Les pasó a todos los autócratas y déspotas a lo largo de la historia y
sigue sucediendo en nuestros días. Hace poco más de un lustro, por ejemplo, sucedió en la denominada Primavera Árabe: En Túnez, desde 1987, gobernaba el dictador Ben Ali. No quiso darle importancia a un movimiento ciudadano catalizado por la agonía y posterior muerte de una víctima de la represión y tuvo que salir expulsado por su propio pueblo, a través de la puerta trasera de la historia. En Egipto, Hosni Mubarak que llevaba 30 años en el poder, al final se derrumbó tristemente debido a que millones de sus compatriotas no soportaron más sus desvaríos autoritarios. En Libia, Muamar Gadafi, luego de gobernar su país con mano de hierro, y no poca dosis de insania, durante 42 años, murió linchado en una alcantarilla de una manera inhumanamente cruel. En Yemen, el país más pobre del mundo árabe, Ali Abdullah Saleh, que había logrado el improbable mérito de hacer aún más miserable a su nación, fue finalmente echado ignominiosamente del poder por un gigantesco movimiento ciudadano. En Siria, Bashar Al Assad, el tirano que no duda en bombardear con armas químicas a sus compatriotas, todavía se mantiene precariamente en la cúspide, gracias al apoyo incomprensible de Rusia.

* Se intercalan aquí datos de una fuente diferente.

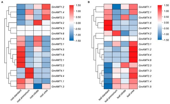 Soybeans can take up both ammonium and nitrate in soils to meet their nitrogen requirements. We assumed that the GmAMT genes are affected by both ammonium and nitrate. For this, we first analyzed the RNA-seq data from the JGI Plant Gene Atlas to determine how the GmAMT family genes respond to different types of nitrogen in roots and leaves. The GmAMT family genes showed different expression patterns in the roots and leaves of soybean plants treated with 10 mM concentrations of different nitrogen sources for 28 days (Figure 8). In roots, the expression levels of GmAMT1.2, GmAMT1.4, GmAMT2.3, and GmAMT4.2 were greatly upregulated by ammonium, nitrate, and urea, whereas the expression levels of GmAMT1.1, GmAMT1.3, GmAMT1.6, GmAMT2.1, GmAMT2.2, and GmAMT4.5 were downregulated by these nitrogen fertilizers. The expression levels of GmAMT4.1 and GmAMT4.4 were significantly upregulated under ammonium treatment (Figure 8A). In leaves, GmAMT1.3, GmAMT1.4, GmAMT1.5, GmAMT2.2, and GmAMT2.3 were upregulated under ammonium, nitrate, and urea conditions, while the expression levels of GmAMT1.6 and GmAMT4.1 were downregulated by these nitrogen fertilizers. In addition, some GmAMT genes displayed particular expression patterns in response to different forms of nitrogen. Notably, GmAMT1.2, GmAMT4.4, and GmAMT4.6 were specifically induced by urea, while GmAMT4.2 was induced by ammonium and suppressed by nitrate and urea (Figure 8B). It is apparently visible that GmAMTs showed different gene expression responses to different forms of nitrogen in the roots and leaves. These results suggest that the GmAMT genes may redundantly and coordinately control the absorption and utilization of nitrogen in soybean.

En todos estos casos, el rasgo común es la ceguera ante una realidad
adversa y la locura a la hora de tomar decisiones demagógicas y desesperadas para afrontar el desapego popular. Exactamente esto estamos viendo (y viviendo) de manera dramática en Venezuela y Nicaragua. Allí los dictadores Maduro y Ortega luchan denodadamente por aferrarse con uñas y dientes a un poder que hoy se les presenta esquivo.

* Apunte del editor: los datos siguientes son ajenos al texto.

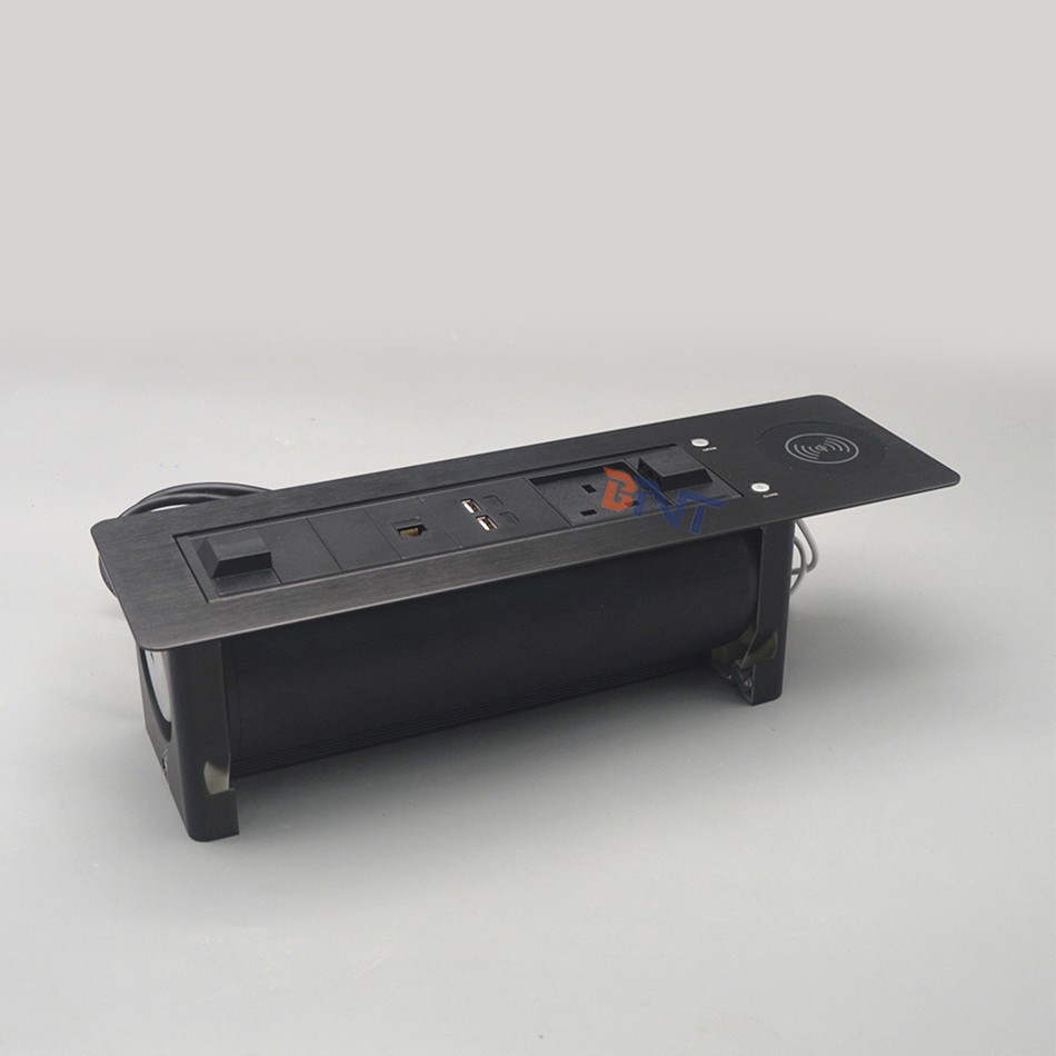1,电动桌面插座提供电源,互联网,电话,VGA,HDMI,3.5音频,USB,MIC接入的插座,可以为其他数据和AV接口定制。

La más reciente locura de Maduro fue decretar antier un nuevo
aumento salarial del 95%. Hoy el sueldo mínimo en Venezuela es de dos millones y medio de bolívares, que equivalen a 66 dólares al cambio oficial y 100 al cambio en el mercado negro. Los aumentos salariales, los bonos extraordinarios y dobles o triples aguinaldos, son medidas típicas del ocaso de los gobiernos autoritarios. En Nicaragua, el autócrata Ortega y su esposa y vicepresidenta Murillo, aterrorizados ante el embate ciudadano de las últimas semanas, repiten la vieja receta y masacran a la resistencia popular por un lado y por otro reparten desesperadamente dádivas y canonjías, en la irracional creencia de que así podrán prolongarse en la cima del poder.
Nuestro país, que padece los rigores de una dictablanda o
democradura, según el énfasis que el régimen asume de acuerdo a las circunstancias, no es completamente ajeno a la realidad que hemos descrito líneas arriba. En su raudo despeñadero, nuestros gobernantes, ciegos ante el clamor ciudadano que pide se vayan una vez cumplido su mandato en 2020, deciden medidas desesperadas como el doble aguinaldo (¡qué no!) y la promulgación de una Ley de Empresas, francamente confiscatoria, sacada de una raída galera pseudo socialista, que no habla precisamente bien de la salud mental de sus forjadores.
Es deseable (aunque poco probable) que retorne algo de cordura a las
decisiones de los poderosos, que acepten democráticamente la decisión del pueblo expresada el 21 de febrero de 2016 y no tomen más medidas irracionales. Es deseable (aunque, la verdad … poco probable).